THE DATA |
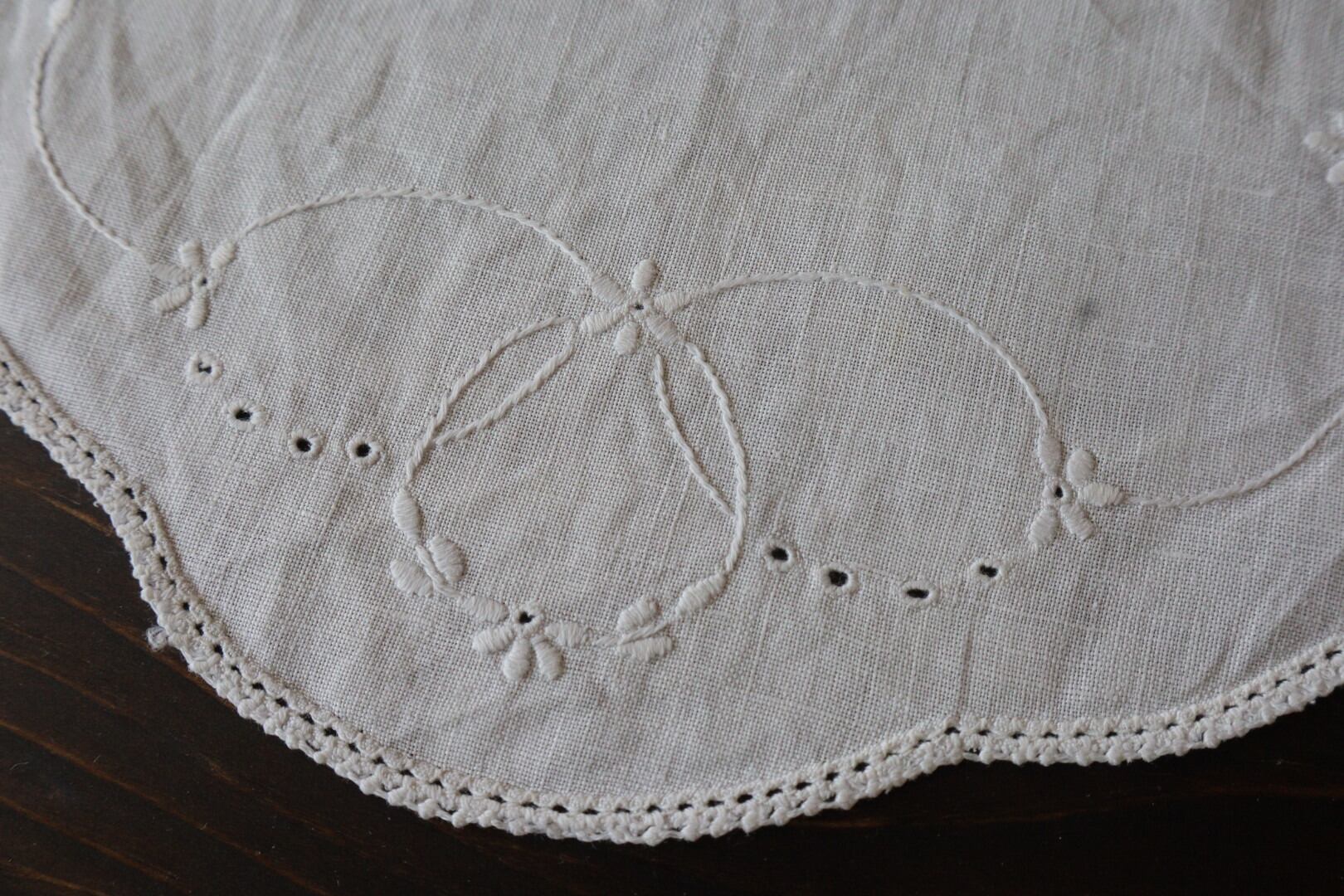 France製 19㎝ アンティーク刺繍ドイリー B716 オフホワイト
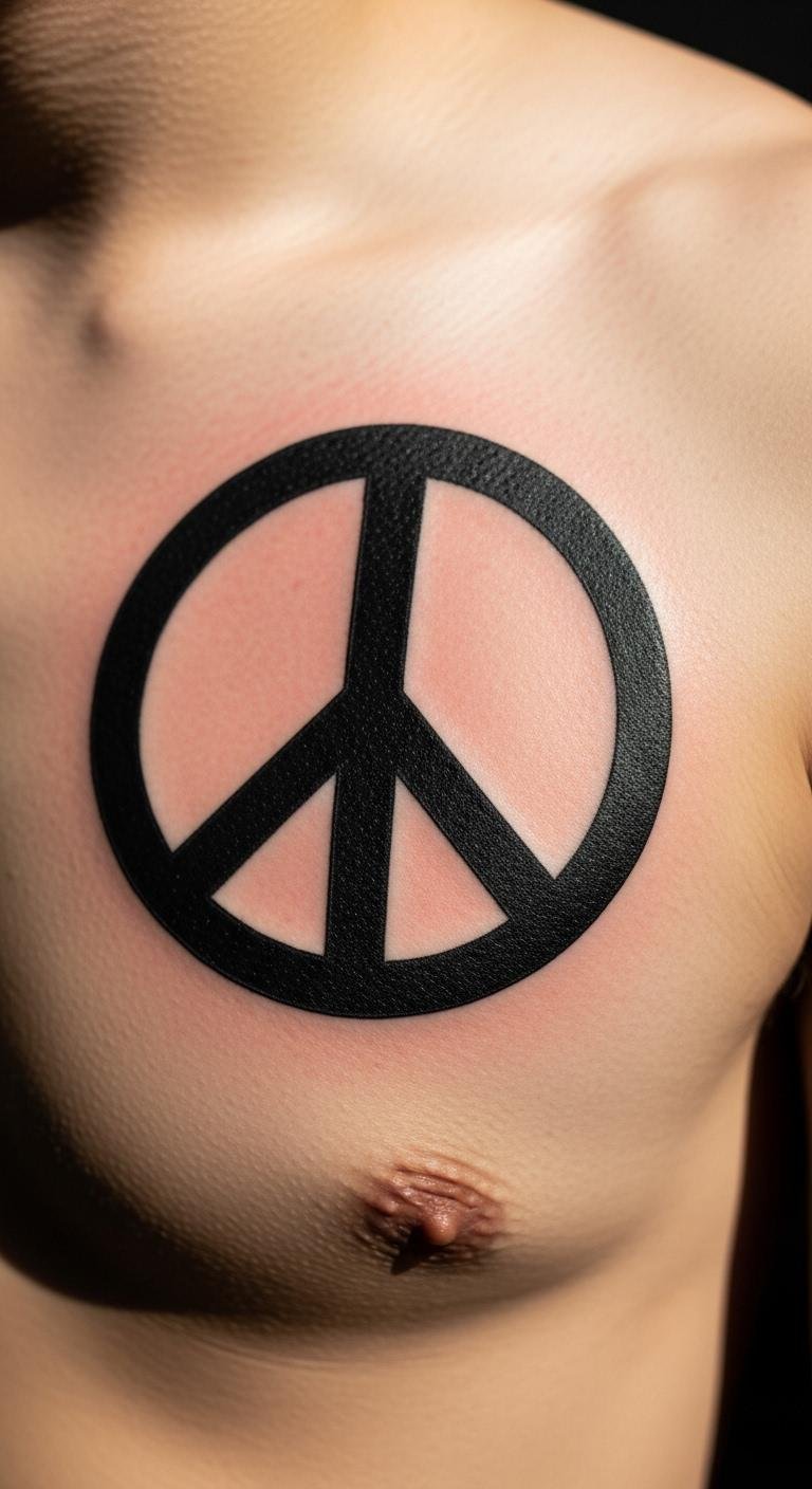 A bold chest peace sign uses thick lines for a statement piece. Imagine a larger design centered on your chest. Outline ideas on a mirror with washable markers. Chest templates from free apps help visualize. Position it for symmetry and balance. Larger tattoos could be $200-300, but scale down to save. Build it with layered drawings at home. This design stands out in active wear, radiating confidence. Practice with fabric markers on shirts. Make it bold yet meaningful.
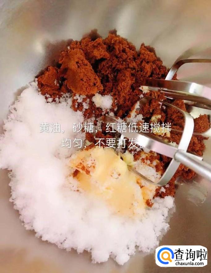 首先将黄油,白砂糖,红糖倒入盆中用打蛋器低速搅拌均匀,如下图所示。小贴士:注意千万别打发了。
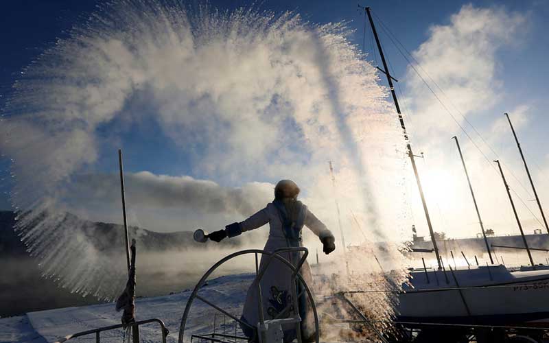 یخ زدن آب در هوای منفی ۳۳ درجه سانتیگراد در سیبری

WHAT THE TASK REQUIRES | In full and without any pictures, print the listing above exactly.

COMPLETED EXERCISE |
 France製 19㎝ アンティーク刺繍ドイリー B716 オフホワイト
 A bold chest peace sign uses thick lines for a statement piece. Imagine a larger design centered on your chest. Outline ideas on a mirror with washable markers. Chest templates from free apps help visualize. Position it for symmetry and balance. Larger tattoos could be $200-300, but scale down to save. Build it with layered drawings at home. This design stands out in active wear, radiating confidence. Practice with fabric markers on shirts. Make it bold yet meaningful.
 首先将黄油,白砂糖,红糖倒入盆中用打蛋器低速搅拌均匀,如下图所示。小贴士:注意千万别打发了。
 یخ زدن آب در هوای منفی ۳۳ درجه سانتیگراد در سیبری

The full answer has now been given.